» What you have to do:
Copy out the data below from the line containing "Roller bearing follower" to the line containing "A premium wall", both lines included, with all images left out.

» Recorded data:
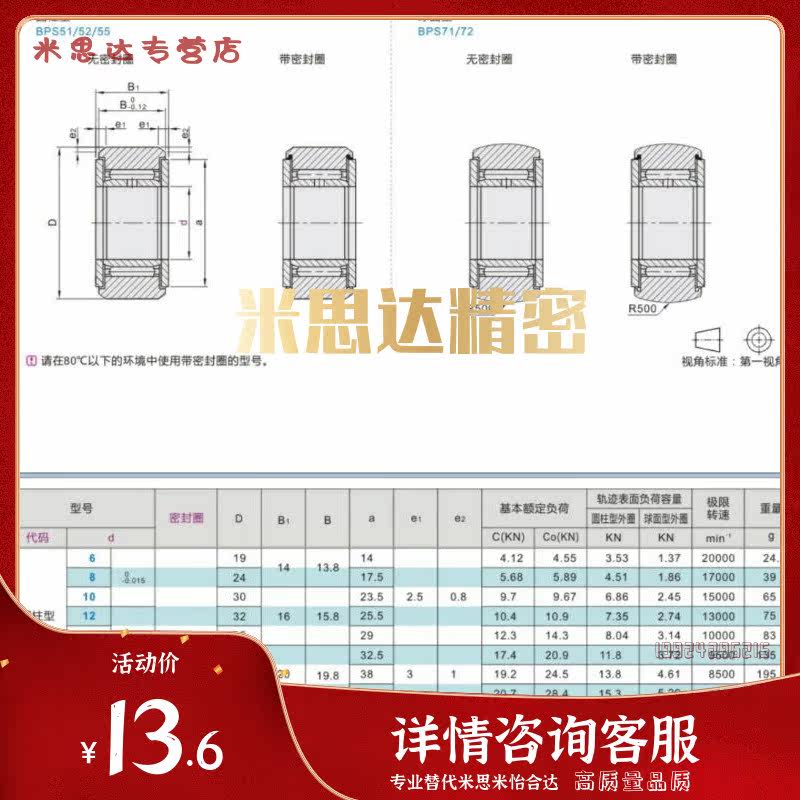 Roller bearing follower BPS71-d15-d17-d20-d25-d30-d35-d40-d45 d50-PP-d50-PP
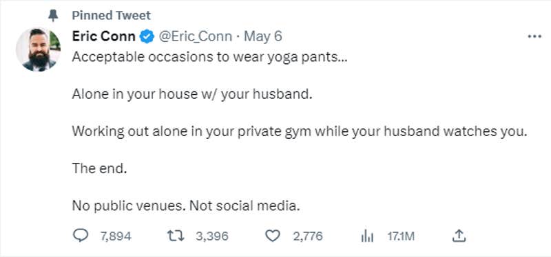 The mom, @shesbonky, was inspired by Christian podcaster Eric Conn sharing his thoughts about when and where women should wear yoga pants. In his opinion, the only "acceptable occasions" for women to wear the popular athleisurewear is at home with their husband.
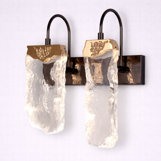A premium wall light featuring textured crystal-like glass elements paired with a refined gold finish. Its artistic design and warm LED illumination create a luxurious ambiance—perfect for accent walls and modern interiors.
---
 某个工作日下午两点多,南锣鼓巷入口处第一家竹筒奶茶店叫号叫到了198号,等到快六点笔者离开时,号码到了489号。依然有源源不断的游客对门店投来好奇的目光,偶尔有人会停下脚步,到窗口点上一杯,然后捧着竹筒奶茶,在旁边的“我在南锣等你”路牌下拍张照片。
...
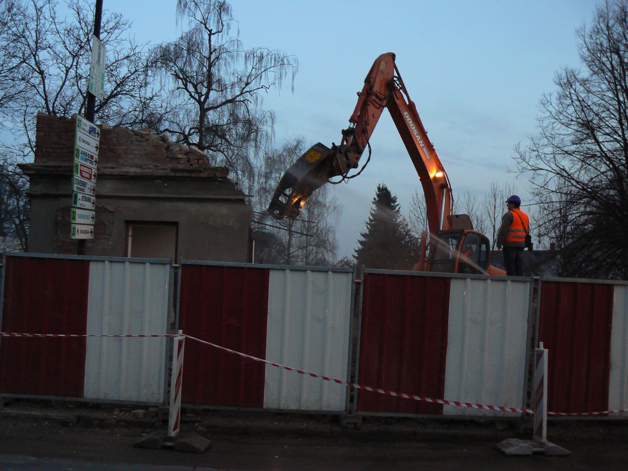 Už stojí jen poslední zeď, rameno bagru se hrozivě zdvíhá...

» Written reply:
 Roller bearing follower BPS71-d15-d17-d20-d25-d30-d35-d40-d45 d50-PP-d50-PP
 The mom, @shesbonky, was inspired by Christian podcaster Eric Conn sharing his thoughts about when and where women should wear yoga pants. In his opinion, the only "acceptable occasions" for women to wear the popular athleisurewear is at home with their husband.
A premium wall light featuring textured crystal-like glass elements paired with a refined gold finish. Its artistic design and warm LED illumination create a luxurious ambiance—perfect for accent walls and modern interiors.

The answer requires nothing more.